RANSAC Back to SOTA: A Two-stage Consensus Filtering for Real-time 3D Registration
- URL: http://arxiv.org/abs/2410.15682v1
- Date: Mon, 21 Oct 2024 06:46:49 GMT
- Title: RANSAC Back to SOTA: A Two-stage Consensus Filtering for Real-time 3D Registration
- Authors: Pengcheng Shi, Shaocheng Yan, Yilin Xiao, Xinyi Liu, Yongjun Zhang, Jiayuan Li,
- Abstract summary: Correspondence-based point cloud registration (PCR) plays a key role in robotics and computer vision.
We propose a two-stage consensus filtering (TCF) that elevates RANSAC to state-of-the-art (SOTA) speed and accuracy.

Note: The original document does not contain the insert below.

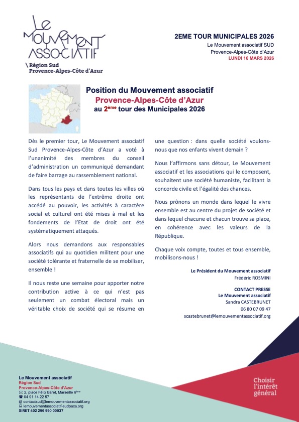 Dans le contexte du second tour des élections municipales, et au regard des enjeux qui traversent aujourd’hui notre société, la CRESS PACA relaie le communiqué du Mouvement associatif Provence-Alpes-Côte d'Azur.

- Score: 15.81035895734261
- License:
- Abstract: Correspondence-based point cloud registration (PCR) plays a key role in robotics and computer vision. However, challenges like sensor noises, object occlusions, and descriptor limitations inevitably result in numerous outliers. RANSAC family is the most popular outlier removal solution. However, the requisite iterations escalate exponentially with the outlier ratio, rendering it far inferior to existing methods (SC2PCR [1], MAC [2], etc.) in terms of accuracy or speed. Thus, we propose a two-stage consensus filtering (TCF) that elevates RANSAC to state-of-the-art (SOTA) speed and accuracy. Firstly, one-point RANSAC obtains a consensus set based on length consistency. Subsequently, two-point RANSAC refines the set via angle consistency. Then, three-point RANSAC computes a coarse pose and removes outliers based on transformed correspondence's distances. Drawing on optimizations from one-point and two-point RANSAC, three-point RANSAC requires only a few iterations. Eventually, an iterative reweighted least squares (IRLS) is applied to yield the optimal pose. Experiments on the large-scale KITTI and ETH datasets demonstrate our method achieves up to three-orders-of-magnitude speedup compared to MAC while maintaining registration accuracy and recall. Our code is available at https://github.com/ShiPC-AI/TCF.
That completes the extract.